Lee Nara
Department of Microbiology and Molecular Genetics, University of Pittsburgh School of Medicine, Pittsburgh, PA, USA.
Methods Mol Biol. 2025;2890:211-224. doi: 10.1007/978-1-0716-4326-6_11.
With the advent of next-generation sequencing, a plethora of techniques have been developed to uncover nucleic acid interactions with unprecedented resolution. For example, UV-crosslinking and immunoprecipitation (CLIP) assays have been coupled to deep-sequencing to identify RNA-protein interactions and precisely map the RNA footprint regions. Here, we describe a CLIP-based technique that allows the genome-wide mapping of influenza nucleoprotein (NP)-binding sites to genomic viral RNA (vRNA). This method has been applied to show that the influenza viral genome is not uniformly coated with nucleoprotein, but instead enriched in certain regions and depleted in others. As subtle changes in genome sequence have been shown to globally alter NP-binding sites, this technique will be useful to deduce how different strains adjust their genome organization and what parameters govern NP-vRNA interactions.
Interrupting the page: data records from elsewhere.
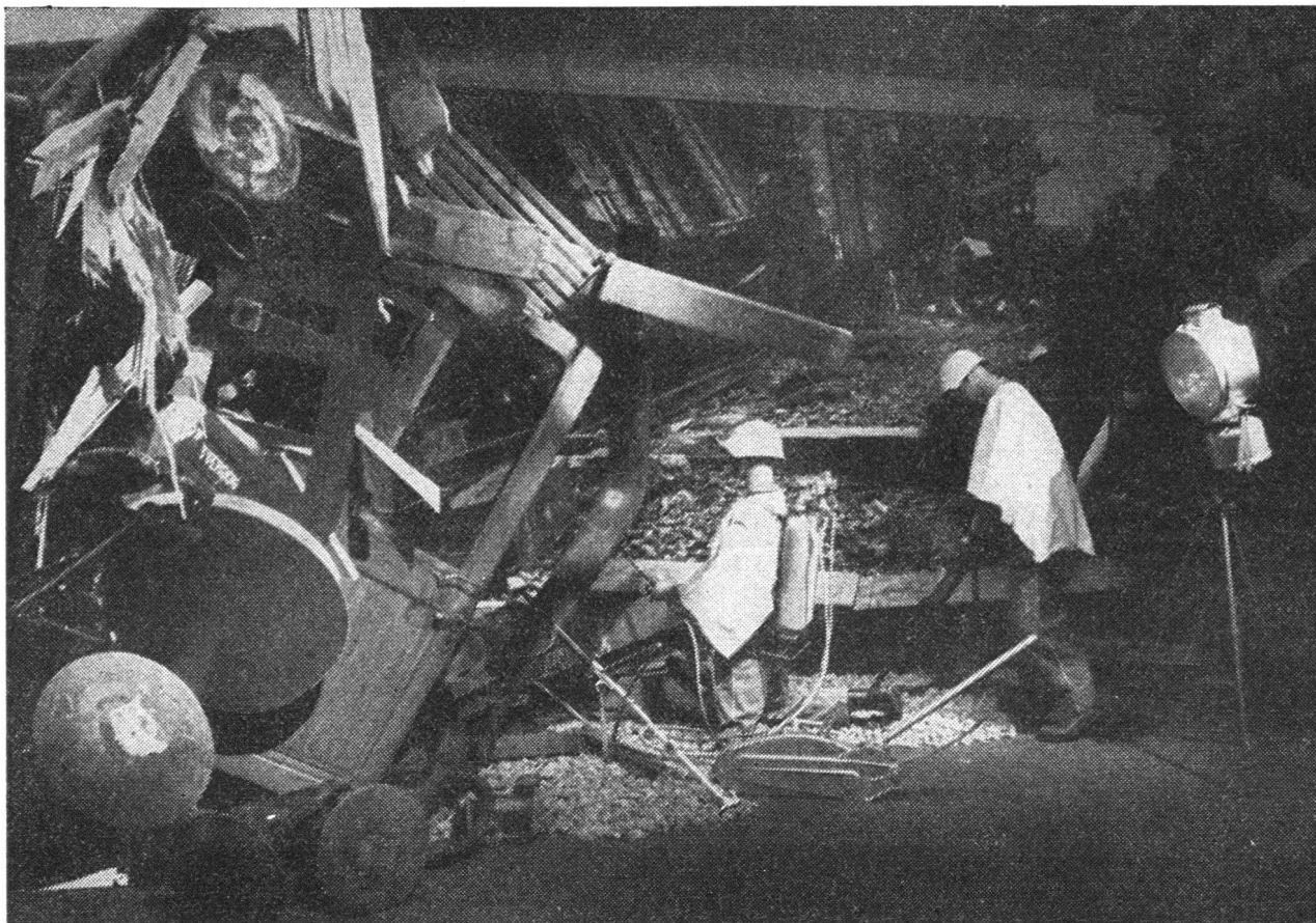
Zivilschutz ist auch Katastrophenschutz
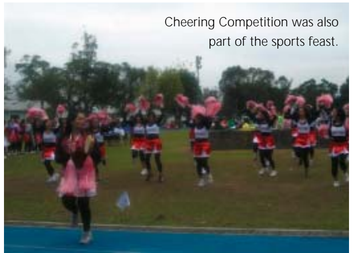
Cheering Competition was also part of the sports feast.
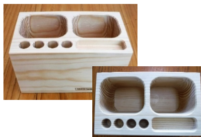
木製ペン立て (朝田木材産業(株))
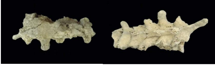
Resim 2-3: Diffüz İdiyopatik Skeletal Hiperostozis (DISH)

Dragos toplumunda tespit edilen bambu oluşumu ileri erişkin erkek bireyde görülmüştür. Bu patolojik olgunun DISH olduğu düşünülmektedir (Resim 2-3).

随着下一代测序技术的出现,已经开发出大量技术以空前的分辨率揭示核酸相互作用。例如,紫外线交联免疫沉淀(CLIP)分析已与深度测序相结合,以鉴定RNA-蛋白质相互作用并精确绘制RNA足迹区域。在此,我们描述了一种基于CLIP的技术,该技术可在全基因组范围内将流感核蛋白(NP)结合位点定位到基因组病毒RNA(vRNA)。该方法已被用于表明流感病毒基因组并非均匀地被核蛋白覆盖,而是在某些区域富集而在其他区域耗尽。由于已表明基因组序列的细微变化会全局改变NP结合位点,因此该技术将有助于推断不同毒株如何调整其基因组组织以及哪些参数控制NP-vRNA相互作用。